> ACTIVITY
Beginning with the first entry, print all the records exactly.

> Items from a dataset
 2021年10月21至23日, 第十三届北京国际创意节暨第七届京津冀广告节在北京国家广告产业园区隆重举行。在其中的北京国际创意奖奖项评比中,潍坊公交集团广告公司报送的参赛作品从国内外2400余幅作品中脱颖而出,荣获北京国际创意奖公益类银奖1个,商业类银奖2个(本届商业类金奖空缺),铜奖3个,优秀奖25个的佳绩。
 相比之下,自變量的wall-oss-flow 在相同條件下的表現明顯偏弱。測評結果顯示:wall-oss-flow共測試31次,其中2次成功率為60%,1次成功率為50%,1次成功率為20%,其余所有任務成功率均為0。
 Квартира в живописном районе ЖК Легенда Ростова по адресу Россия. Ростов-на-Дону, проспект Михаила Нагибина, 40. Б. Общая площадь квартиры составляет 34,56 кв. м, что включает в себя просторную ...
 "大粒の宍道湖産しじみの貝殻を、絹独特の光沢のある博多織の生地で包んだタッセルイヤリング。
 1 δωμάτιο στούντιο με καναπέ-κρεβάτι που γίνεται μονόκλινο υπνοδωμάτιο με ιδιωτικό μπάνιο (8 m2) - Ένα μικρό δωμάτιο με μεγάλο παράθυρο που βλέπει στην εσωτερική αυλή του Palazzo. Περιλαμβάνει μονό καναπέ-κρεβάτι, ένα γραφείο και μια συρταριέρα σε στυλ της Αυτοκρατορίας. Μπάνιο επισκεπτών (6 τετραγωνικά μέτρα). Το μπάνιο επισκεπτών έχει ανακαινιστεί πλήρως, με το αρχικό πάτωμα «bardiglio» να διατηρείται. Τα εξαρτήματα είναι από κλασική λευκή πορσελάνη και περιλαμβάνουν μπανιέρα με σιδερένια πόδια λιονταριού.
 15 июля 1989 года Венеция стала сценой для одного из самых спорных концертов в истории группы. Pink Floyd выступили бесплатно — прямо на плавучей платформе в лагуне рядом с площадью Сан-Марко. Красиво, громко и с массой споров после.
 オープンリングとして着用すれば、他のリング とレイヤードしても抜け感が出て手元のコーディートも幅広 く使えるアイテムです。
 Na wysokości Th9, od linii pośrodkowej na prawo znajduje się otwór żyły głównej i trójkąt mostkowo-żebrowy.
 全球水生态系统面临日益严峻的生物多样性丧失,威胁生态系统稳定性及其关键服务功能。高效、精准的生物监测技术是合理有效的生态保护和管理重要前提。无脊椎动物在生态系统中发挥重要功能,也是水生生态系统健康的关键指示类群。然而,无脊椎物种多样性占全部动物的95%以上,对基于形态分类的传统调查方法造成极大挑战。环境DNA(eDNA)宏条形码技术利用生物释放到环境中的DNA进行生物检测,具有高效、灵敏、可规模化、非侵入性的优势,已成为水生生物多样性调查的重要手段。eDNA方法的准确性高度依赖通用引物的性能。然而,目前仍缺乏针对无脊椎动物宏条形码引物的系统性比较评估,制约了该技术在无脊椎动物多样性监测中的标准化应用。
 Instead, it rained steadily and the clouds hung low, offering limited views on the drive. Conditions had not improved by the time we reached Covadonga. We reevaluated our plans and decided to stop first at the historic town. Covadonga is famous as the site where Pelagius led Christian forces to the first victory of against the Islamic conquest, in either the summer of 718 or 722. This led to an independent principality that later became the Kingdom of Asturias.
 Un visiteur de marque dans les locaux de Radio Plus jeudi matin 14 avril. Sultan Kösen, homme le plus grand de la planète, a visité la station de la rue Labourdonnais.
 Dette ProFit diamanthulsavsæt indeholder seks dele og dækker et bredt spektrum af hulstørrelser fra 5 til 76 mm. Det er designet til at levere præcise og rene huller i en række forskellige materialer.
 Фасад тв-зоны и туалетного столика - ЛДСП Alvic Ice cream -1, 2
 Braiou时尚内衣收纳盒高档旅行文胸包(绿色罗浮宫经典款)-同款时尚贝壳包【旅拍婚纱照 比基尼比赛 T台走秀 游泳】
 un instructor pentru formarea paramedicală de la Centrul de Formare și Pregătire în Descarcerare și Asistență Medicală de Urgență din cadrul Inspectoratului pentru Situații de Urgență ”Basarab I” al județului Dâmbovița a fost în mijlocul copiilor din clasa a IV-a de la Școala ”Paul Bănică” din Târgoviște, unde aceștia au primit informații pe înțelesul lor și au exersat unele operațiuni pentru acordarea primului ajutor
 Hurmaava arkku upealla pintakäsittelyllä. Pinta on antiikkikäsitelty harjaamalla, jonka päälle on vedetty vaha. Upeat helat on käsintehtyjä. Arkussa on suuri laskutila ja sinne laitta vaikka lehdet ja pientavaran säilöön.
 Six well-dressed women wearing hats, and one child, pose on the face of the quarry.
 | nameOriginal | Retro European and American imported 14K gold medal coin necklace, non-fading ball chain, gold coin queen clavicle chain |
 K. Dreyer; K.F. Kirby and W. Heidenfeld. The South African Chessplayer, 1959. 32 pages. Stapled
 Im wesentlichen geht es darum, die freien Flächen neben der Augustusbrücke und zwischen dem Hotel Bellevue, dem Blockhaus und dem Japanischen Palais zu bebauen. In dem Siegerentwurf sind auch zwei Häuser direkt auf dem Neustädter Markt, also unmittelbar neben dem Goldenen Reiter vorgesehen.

> SOLUTION FOR THIS EXERCISE
 2021年10月21至23日, 第十三届北京国际创意节暨第七届京津冀广告节在北京国家广告产业园区隆重举行。在其中的北京国际创意奖奖项评比中,潍坊公交集团广告公司报送的参赛作品从国内外2400余幅作品中脱颖而出,荣获北京国际创意奖公益类银奖1个,商业类银奖2个(本届商业类金奖空缺),铜奖3个,优秀奖25个的佳绩。
 相比之下,自變量的wall-oss-flow 在相同條件下的表現明顯偏弱。測評結果顯示:wall-oss-flow共測試31次,其中2次成功率為60%,1次成功率為50%,1次成功率為20%,其余所有任務成功率均為0。
 Квартира в живописном районе ЖК Легенда Ростова по адресу Россия. Ростов-на-Дону, проспект Михаила Нагибина, 40. Б. Общая площадь квартиры составляет 34,56 кв. м, что включает в себя просторную ...
 "大粒の宍道湖産しじみの貝殻を、絹独特の光沢のある博多織の生地で包んだタッセルイヤリング。
 1 δωμάτιο στούντιο με καναπέ-κρεβάτι που γίνεται μονόκλινο υπνοδωμάτιο με ιδιωτικό μπάνιο (8 m2) - Ένα μικρό δωμάτιο με μεγάλο παράθυρο που βλέπει στην εσωτερική αυλή του Palazzo. Περιλαμβάνει μονό καναπέ-κρεβάτι, ένα γραφείο και μια συρταριέρα σε στυλ της Αυτοκρατορίας. Μπάνιο επισκεπτών (6 τετραγωνικά μέτρα). Το μπάνιο επισκεπτών έχει ανακαινιστεί πλήρως, με το αρχικό πάτωμα «bardiglio» να διατηρείται. Τα εξαρτήματα είναι από κλασική λευκή πορσελάνη και περιλαμβάνουν μπανιέρα με σιδερένια πόδια λιονταριού.
 15 июля 1989 года Венеция стала сценой для одного из самых спорных концертов в истории группы. Pink Floyd выступили бесплатно — прямо на плавучей платформе в лагуне рядом с площадью Сан-Марко. Красиво, громко и с массой споров после.
 オープンリングとして着用すれば、他のリング とレイヤードしても抜け感が出て手元のコーディートも幅広 く使えるアイテムです。
 Na wysokości Th9, od linii pośrodkowej na prawo znajduje się otwór żyły głównej i trójkąt mostkowo-żebrowy.
 全球水生态系统面临日益严峻的生物多样性丧失,威胁生态系统稳定性及其关键服务功能。高效、精准的生物监测技术是合理有效的生态保护和管理重要前提。无脊椎动物在生态系统中发挥重要功能,也是水生生态系统健康的关键指示类群。然而,无脊椎物种多样性占全部动物的95%以上,对基于形态分类的传统调查方法造成极大挑战。环境DNA(eDNA)宏条形码技术利用生物释放到环境中的DNA进行生物检测,具有高效、灵敏、可规模化、非侵入性的优势,已成为水生生物多样性调查的重要手段。eDNA方法的准确性高度依赖通用引物的性能。然而,目前仍缺乏针对无脊椎动物宏条形码引物的系统性比较评估,制约了该技术在无脊椎动物多样性监测中的标准化应用。
 Instead, it rained steadily and the clouds hung low, offering limited views on the drive. Conditions had not improved by the time we reached Covadonga. We reevaluated our plans and decided to stop first at the historic town. Covadonga is famous as the site where Pelagius led Christian forces to the first victory of against the Islamic conquest, in either the summer of 718 or 722. This led to an independent principality that later became the Kingdom of Asturias.
 Un visiteur de marque dans les locaux de Radio Plus jeudi matin 14 avril. Sultan Kösen, homme le plus grand de la planète, a visité la station de la rue Labourdonnais.
 Dette ProFit diamanthulsavsæt indeholder seks dele og dækker et bredt spektrum af hulstørrelser fra 5 til 76 mm. Det er designet til at levere præcise og rene huller i en række forskellige materialer.
 Фасад тв-зоны и туалетного столика - ЛДСП Alvic Ice cream -1, 2
 Braiou时尚内衣收纳盒高档旅行文胸包(绿色罗浮宫经典款)-同款时尚贝壳包【旅拍婚纱照 比基尼比赛 T台走秀 游泳】
 un instructor pentru formarea paramedicală de la Centrul de Formare și Pregătire în Descarcerare și Asistență Medicală de Urgență din cadrul Inspectoratului pentru Situații de Urgență ”Basarab I” al județului Dâmbovița a fost în mijlocul copiilor din clasa a IV-a de la Școala ”Paul Bănică” din Târgoviște, unde aceștia au primit informații pe înțelesul lor și au exersat unele operațiuni pentru acordarea primului ajutor
 Hurmaava arkku upealla pintakäsittelyllä. Pinta on antiikkikäsitelty harjaamalla, jonka päälle on vedetty vaha. Upeat helat on käsintehtyjä. Arkussa on suuri laskutila ja sinne laitta vaikka lehdet ja pientavaran säilöön.
 Six well-dressed women wearing hats, and one child, pose on the face of the quarry.
 | nameOriginal | Retro European and American imported 14K gold medal coin necklace, non-fading ball chain, gold coin queen clavicle chain |
 K. Dreyer; K.F. Kirby and W. Heidenfeld. The South African Chessplayer, 1959. 32 pages. Stapled
 Im wesentlichen geht es darum, die freien Flächen neben der Augustusbrücke und zwischen dem Hotel Bellevue, dem Blockhaus und dem Japanischen Palais zu bebauen. In dem Siegerentwurf sind auch zwei Häuser direkt auf dem Neustädter Markt, also unmittelbar neben dem Goldenen Reiter vorgesehen.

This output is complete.